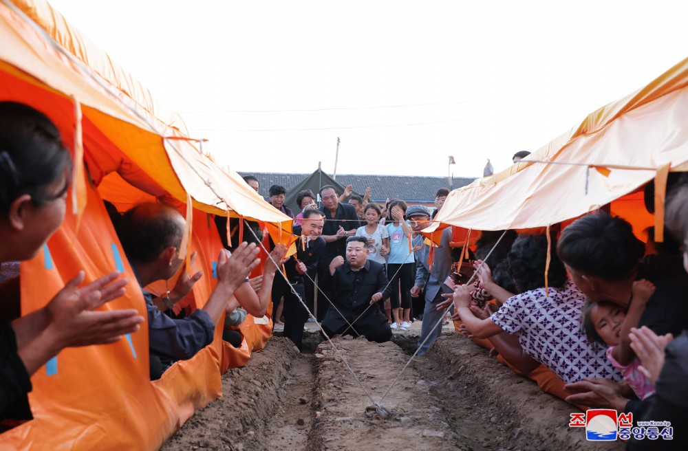 金正恩同志為無(wú)家可歸的災區人民早日提供完美的家園而部署神圣的斗爭戰線(xiàn),并于8月8日再次前往義州郡災區撫慰災民。
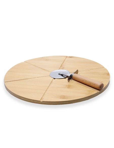 Kit pizzas contendo 2 peças: Tábua para pizza; Cortador. Obs.:Os componentes de madeira e bambu poderão apresentar tonalidades diferente.
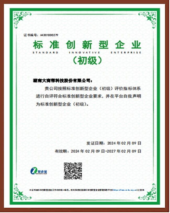 標(biāo)準(zhǔn)創(chuàng)新型企業(yè)認(rèn)證證書
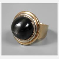 neuzeitlich, Weiß- und Gelbgold geprüft 585/1000, ca. 21 mm hoher Ringkopf, besetzt mit einem Katzenaugenstein mit schönem Lichtspiel, minimale Tragespuren, RW 17 mm, G ca. 13,7 g.
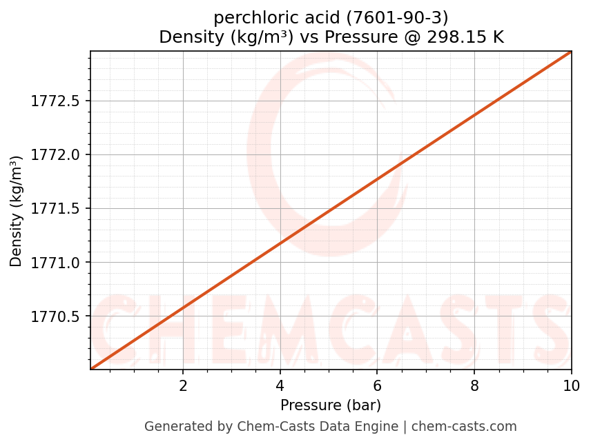 This page presents the pressure-dependent thermodynamic and transport properties of perchloric acid (CAS 7601-90-3) calculated at a constant temperature of 298 K (25 °C) over the pressure range 0.10-10 bar.
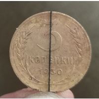 СССР. 3 копейки 1930. Брак, край листа и холостое соударение штемпелей. Торг.
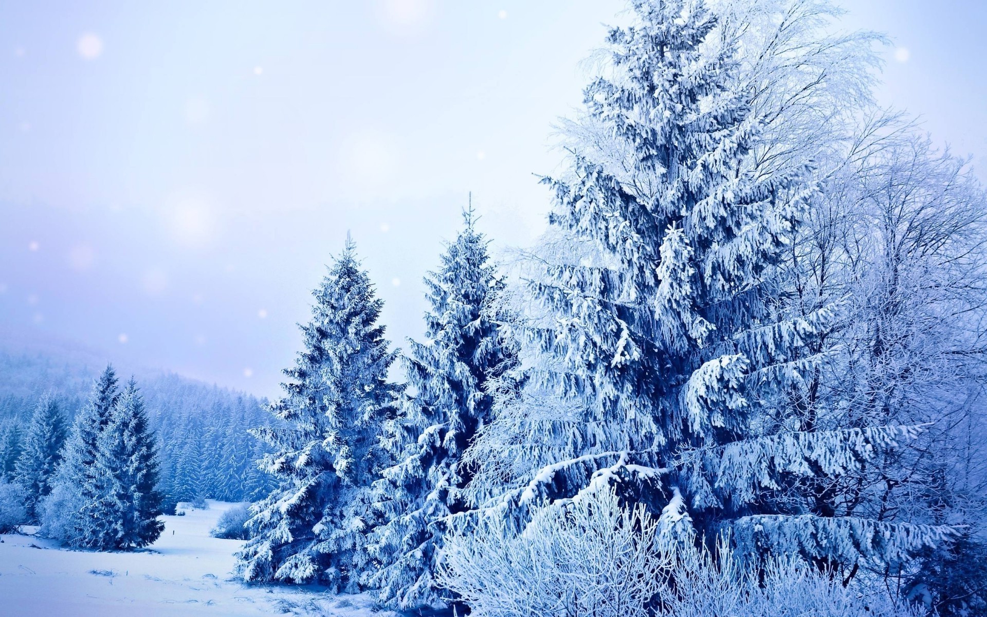 Biały bałwan w niebieskim ubraniu obok białego jelenia i białych niebieskich kulek i płatków śniegu
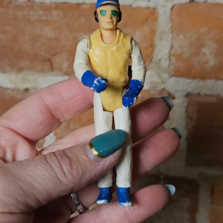 Pilot / Adventurer (Yellow/White): This figure wears a yellow vest over a white long-sleeve shirt and white pants, with a blue helmet and gloves. The figure is in good condition with minor wear.
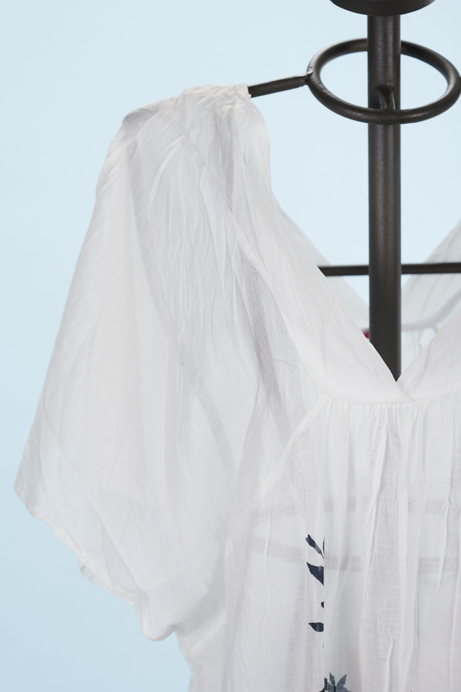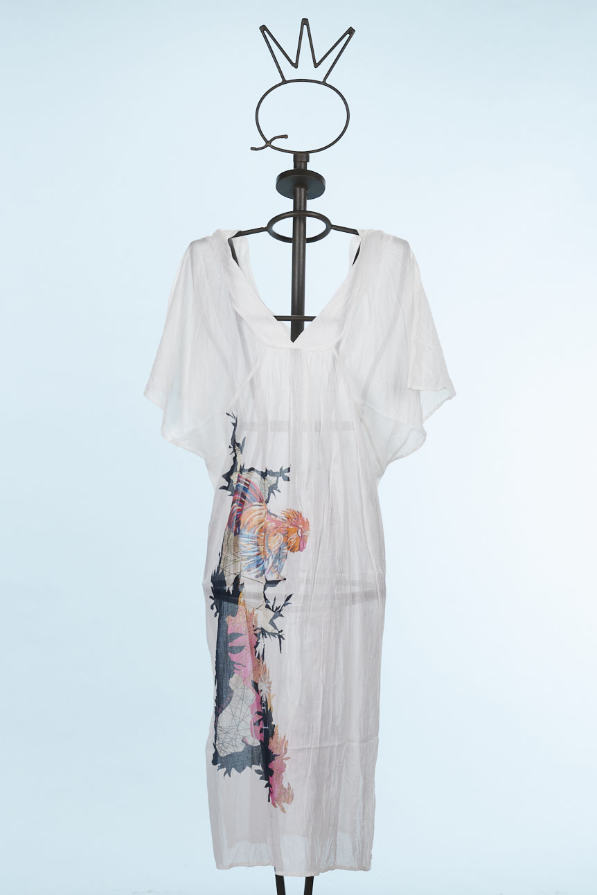 Una tunica lunga in cotone bianco stampato con un disegno esclusivo Save The Queen! Maniche a pipistrello e scollo a V.
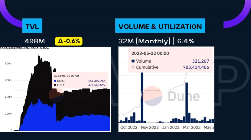 For Frax’s liquidity-as-a-service in the form FraxBP, we have 498M TVL which experienced a 0.6% drop. The volume is at 32.2M so far for May, which is only a 6.4% utilization rate, fairly low when compared to what happened in March with the USDC fiasco.  The LPers in the FraxBP and all the associated metapools are positioned to facilitate large liquidity-required swaps but we feel that idle capital could be put to use.  If only Frax had something planned for this, oh wait, there is.  It’s called BAMM — more info soon.
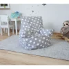 Μοντέρνο άνετο πουφ γκρι με άσπρα αστέρια. Γέμισμα από μικρά μπαλάκια φελιζόλ. Το κάλυμμα βγαίνει και πλένεται. Διαστάσεις: 60 x 60 x 58 εκ. Ηλικία: 2 εως 10 ετών
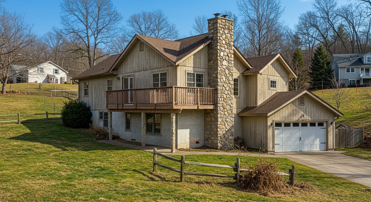 Remarkable View from this dynamic Mill Creek home in Franklin NC. You will love being in this home overlooking Mill Creek. It includes fairways, greens and even a stream! This home is paved to the door and conveniently located near the entrance to Mill Creek. It has luxurious wood floors, beamed and vaulted ceilings, and lots of dual pane thermal windows. It also contains two stunning view decks, a full size 2 car garage, and a large Media/ Family Bonus room downstairs that has inside and outside access and a lovely terrace with such a great view!
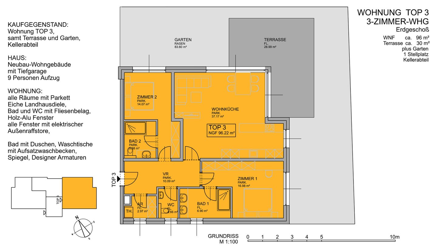 - Top 3 (EG) ca. 96 m² WNF, 2 Schlafzimmer, 2 Badezimmer € 1.990.000,-
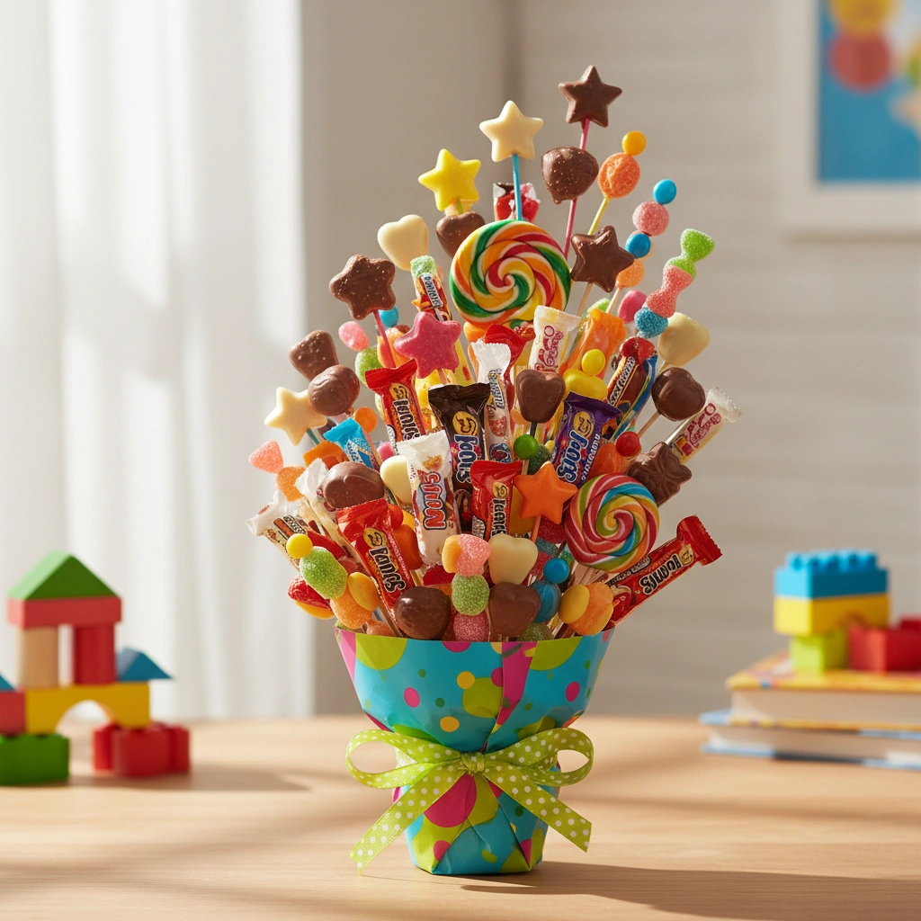 זר שוקולדים אינו רק מוצר צריכה, הוא סוג של משחק. הילד יכול לבחור איזה "פרח" לקטוף קודם, לחלוק עם חברים או בני משפחה, לסדר את הממתקים לפי צבעים או סוגים. האלמנט האינטראקטיבי הזה הופך את המתנה למרתקת יותר מכל צעצוע פלסטיק. זהו פינוק שלא נגמר ברגע אחד, אלא נמשך לאורך זמן, ומאפשר לילד לשלוט בחוויה וליהנות ממנה בקצב שלו. במקום פשוט לאכול ממתק, הילד "חווה" את המתנה, מה שמעצים את תחושת השמחה וההנאה. זוהי מתנה לילד שממשיכה לתת, רגע מתוק אחד בכל פעם.
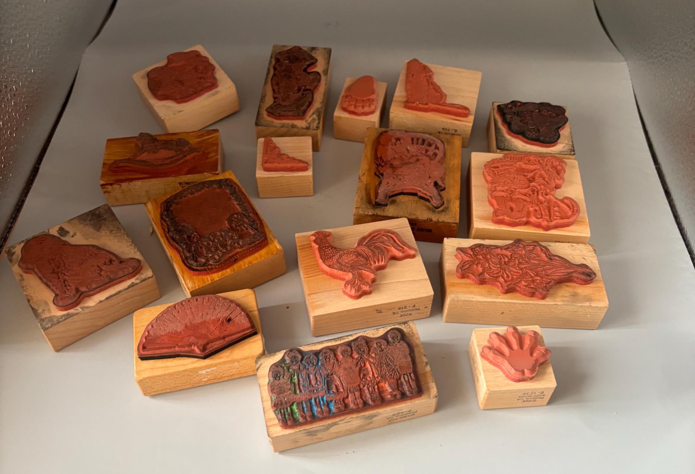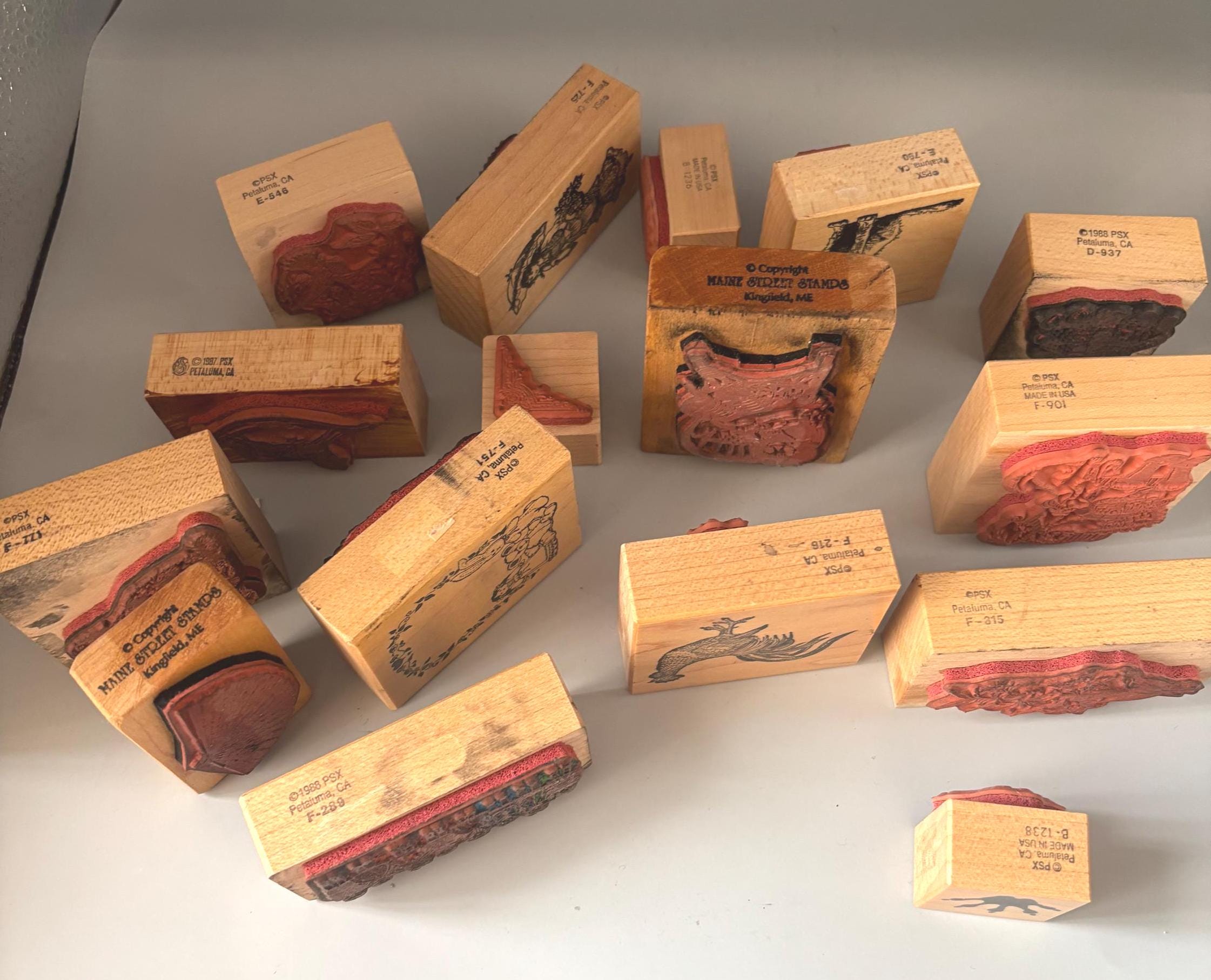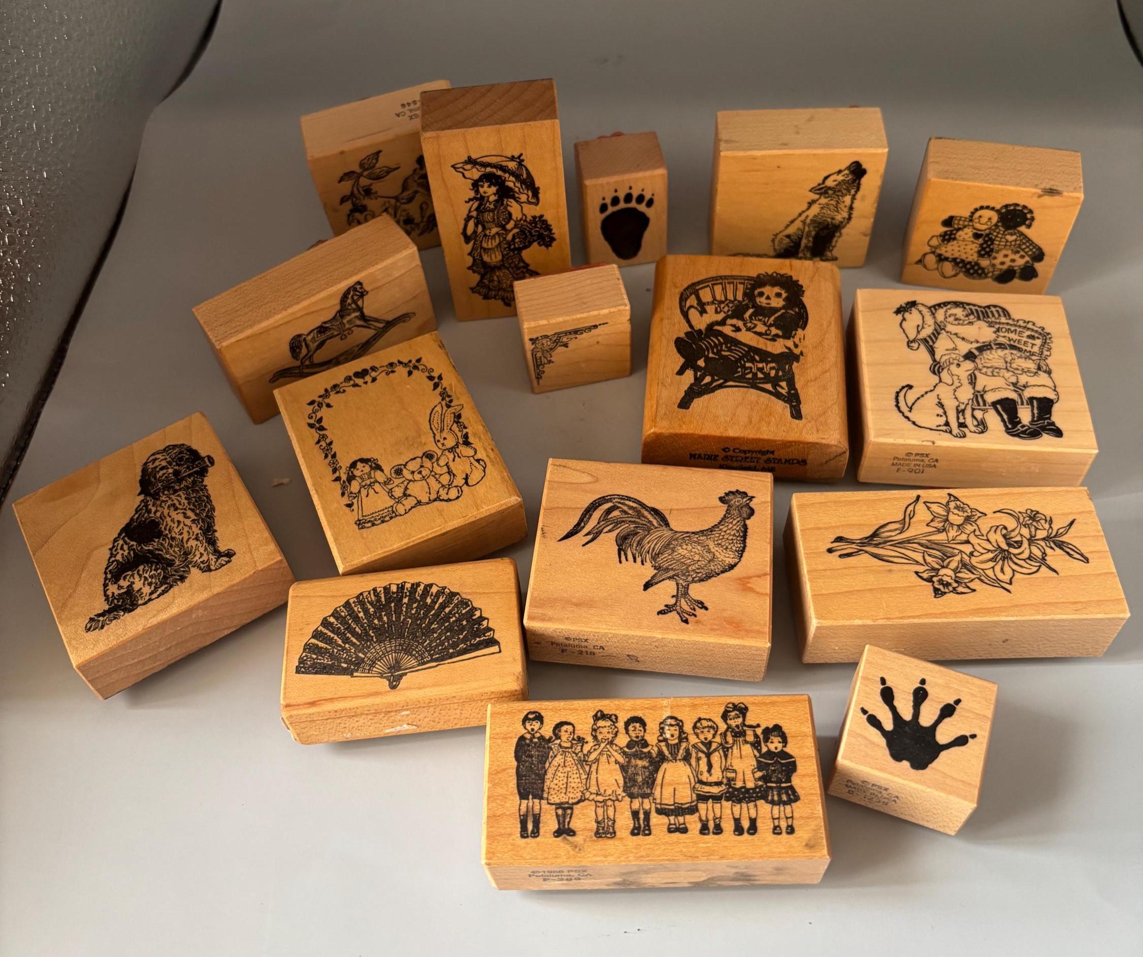 We are delighted to be featuring this Collection of Vintage Rubber Die Stamps. There are 16 included in this collection.

• _Task_
Within the listing above, the lines from the one with "neuzeitlich, Weiß- und" through the one with "Biały bałwan w" are to be given again word for word. Do not include pictures.

• _Response to this task_
 neuzeitlich, Weiß- und Gelbgold geprüft 585/1000, ca. 21 mm hoher Ringkopf, besetzt mit einem Katzenaugenstein mit schönem Lichtspiel, minimale Tragespuren, RW 17 mm, G ca. 13,7 g.
 This page presents the pressure-dependent thermodynamic and transport properties of perchloric acid (CAS 7601-90-3) calculated at a constant temperature of 298 K (25 °C) over the pressure range 0.10-10 bar.
 СССР. 3 копейки 1930. Брак, край листа и холостое соударение штемпелей. Торг.
 Biały bałwan w niebieskim ubraniu obok białego jelenia i białych niebieskich kulek i płatków śniegu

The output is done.